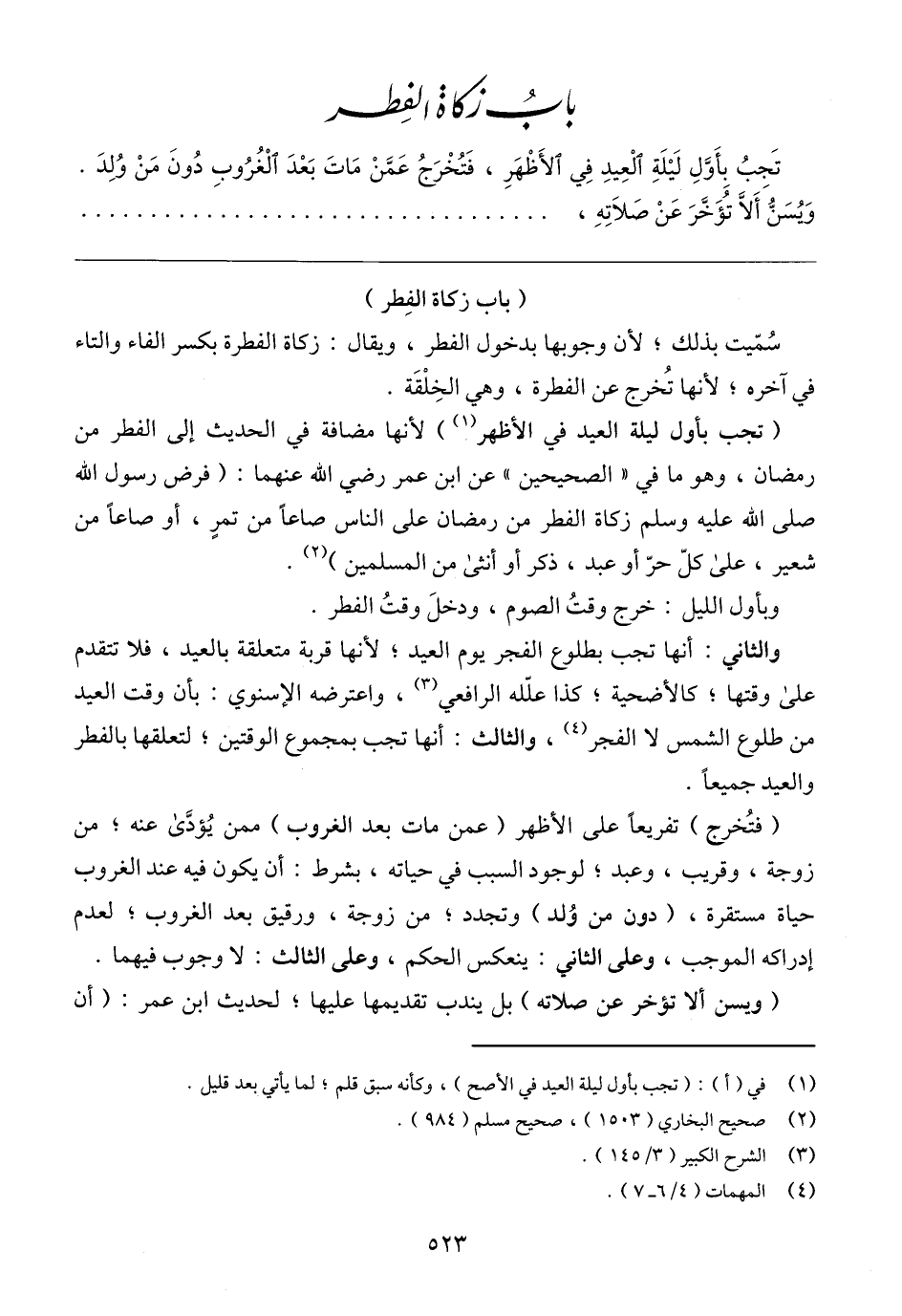 والثاني: أنها تجب بطلوع الفجر يوم العيد؛ لأنها قربة متعلقة بالعيد، فلا تتقدم على وقتها؛ كالأضحية؛ كذا علّله الرافعي (٣)، واعترضه الإسنوي: بأن وقت العيد من طلوع الشمس لا الفجر (٤)، والثالث: أنها تجب بمجموع الوقتين؛ لتعلقها بالفطر والعيد جميعًا.
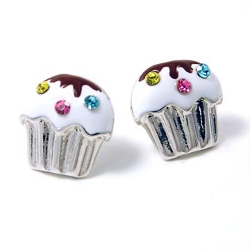 Pair of cute 1/2" flat silver plated cupcake earrings with crystals; post backs.Lead and nickel safe. Comes gift boxed. More Detail..
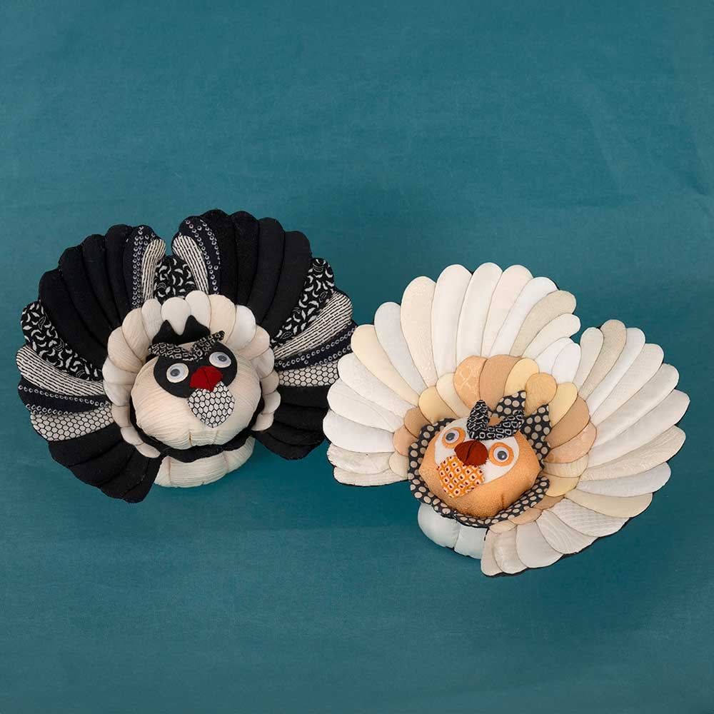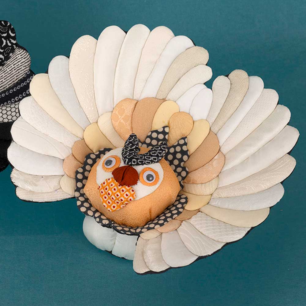 【作り方つき】【古裂】首が回る楽しい作りのフクロウ2 種です。置いたり壁に掛けたりして飾れます。“ 福来朗”“ 不苦労” で縁起よく。
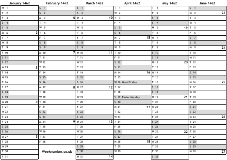 1462 calendar
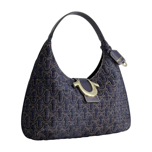 trending ! True Religion Quilted Denim Hobo Hand Bag, Large Horseshoe Stitch Shoulder Purse with Gold Hardware, Dark Denim
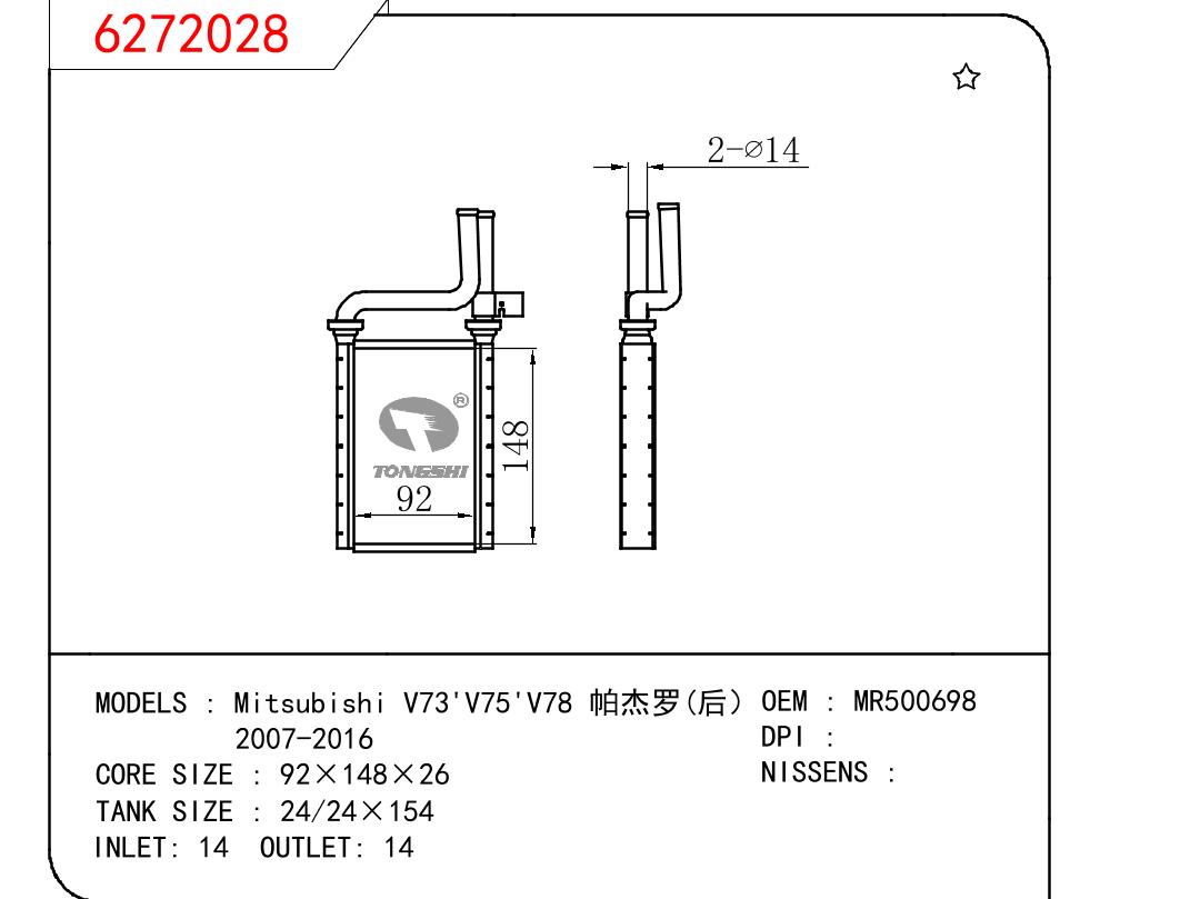 适用于三菱iV73'V75'V78 帕杰罗(后)2007-2016 暖风 OEM:MR500698

____________

### Task brief
The copy must start at the line containing "trending ! True" and stop at the last line of the listing, both included, with every line exact and no pictures.

### Task solution
 trending ! True Religion Quilted Denim Hobo Hand Bag, Large Horseshoe Stitch Shoulder Purse with Gold Hardware, Dark Denim
 适用于三菱iV73'V75'V78 帕杰罗(后)2007-2016 暖风 OEM:MR500698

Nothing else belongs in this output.